Inspired by Hopper, I started by checking if it was possible to centralise the cut by twisting the blade in the guide slot. By twisting hard the maximum play at the bottom of the Guide Slot is about 1.5mm, which was just enough to hit screw-head centre at one extreme. No easy solution there unfortunately. For the same 'bends the blade too much' reason I didn't try Steve's adjusting screw idea.
Then I picked up on HowardT and Bandersnatch's idea, but reversed it by trying to locate the correct position of the Vee from the Guide Slot. This isn't easy because the work has to be rotated to cut the Vee and all the references move.
Before cutting a new Vee I followed Tim's suggestion and restored sanity by skimming down the misplaced over-deep Vee.
Then, by putting some shim in the Guide Slot with the work rotated I was able to physically locate Vee centre with a wiggler pin stuck to the end-mill. A magnifying glass helped.

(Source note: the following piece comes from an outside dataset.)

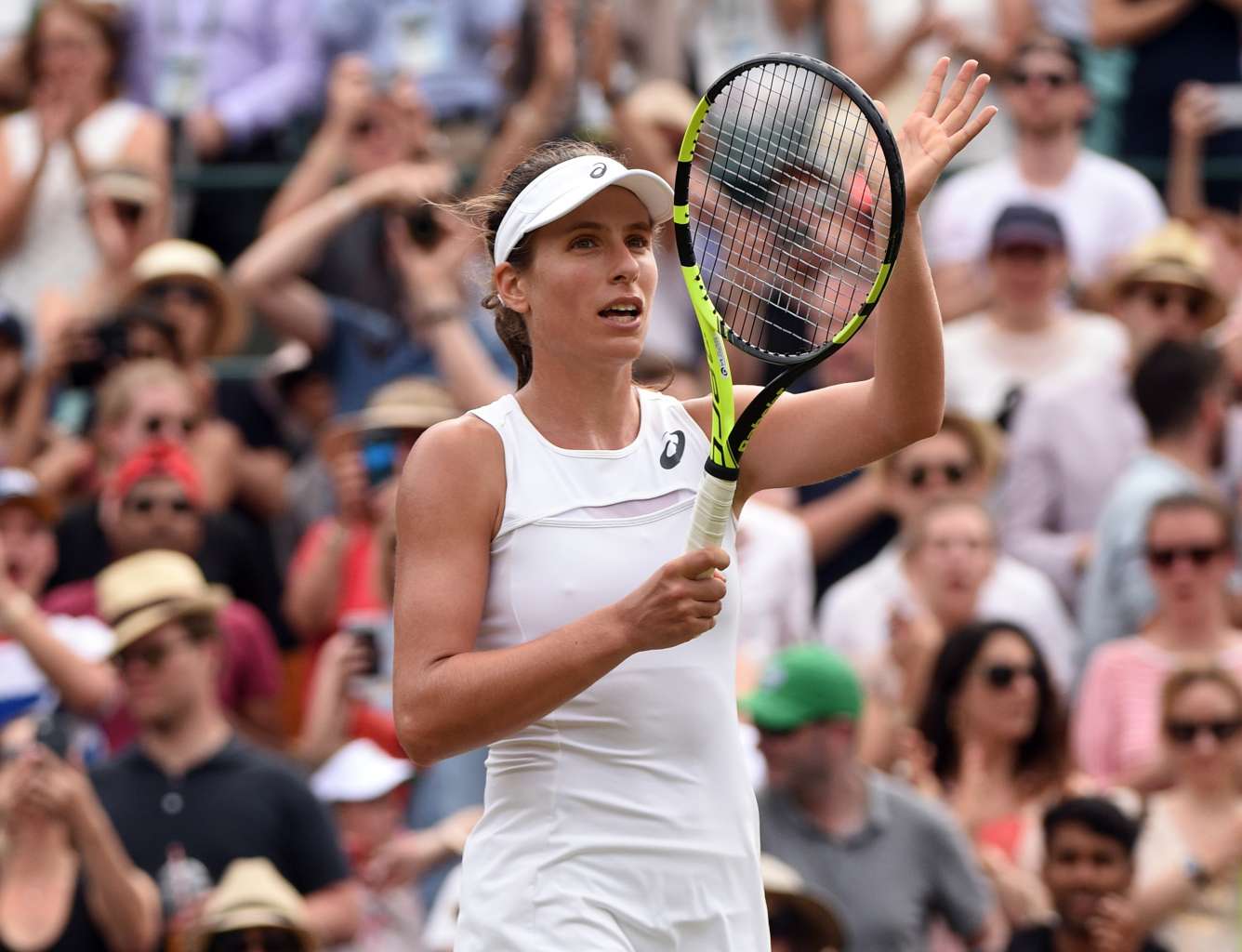 LONDON (REUTERS) - Johanna Konta kept the flag flying for British women at Wimbledon on Friday (July 7), reaching the last 16 with a comfortable victory over Greece's Maria Sakkari, and said she aimed to go all the way at this year's championships.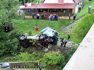 Délután úgy tűnt, elvonult az eső, ezért biciklire ültünk, hogy megnézzük a poroszlói tájházat. Sajnos most is csak a főúton kerékpározva mehettünk át Tiszafüredről Poroszlóra, ahogy tizenegy évvel ezelőtt is. Semmi nem változott. Rohanó teherautók, veszélyes helyzetben is előző személykocsik, sunyi gödrök, repedések, kitüremkedések az aszfaltban. (A jobboldali fotót a tiszafüredi tűzoltók készítették nem sokkal ott jártunk után kamionról, ami a Fehér Amur melleti hídnak áttörte a korlátját. A pótkocsi a Tiszába, a “traktor” a partra zuhant.)

With a 4mm end-mill the point of the Vee should be correctly centred when the end-mill is 4mm deep. I went in 3.5mm and then, without moving the work, I tested the Vee's alignment to the Guide Slot with a Centre Drill (i.e a rod with a pointed end!)
Alignment was off by about a millimetre, so I took the cut down to 3.9mm and tried again. The Centre Drill test showed that this was closer. but I still needed to go deeper. In the end I deepened the cut four times by 0.1mm before the Centre Drill looked right. (I couldn't get a decent photo of this test being done in the mill but next picture shows what I did.)

The moment of truth:

Bingo:

So, root-cause analysis time.
I made the jig from Black Mild Steel bar stock in the belief that the body was 'square enough'. It's actually slightly out, which put the Vee and the Guide Slot off reference. The error happens to be accumulative and was further compounded by the way I marked the job out. Not squaring the metal off properly was a mistake!
My first attempt at cutting the Vee had me removing the work from the mill-vice every time I checked the alignment. I now think this was a bad mistake – an improperly squared job tilted at an angle, being repeatedly removed and replaced to check the effect of shaving metal from one side only of the Vee. It's not unlikely that metal was accidentally removed from the wrong side of the Vee as well due to reset errors.
I also failed to think about the best way of locating the Vee relative to the Guide Slot before starting work. If I was doing it again I'd do it the other way round
Very many thanks for all your excellent help and suggestions. I may well incorporate some of them in a more carefully made Mark 2 version.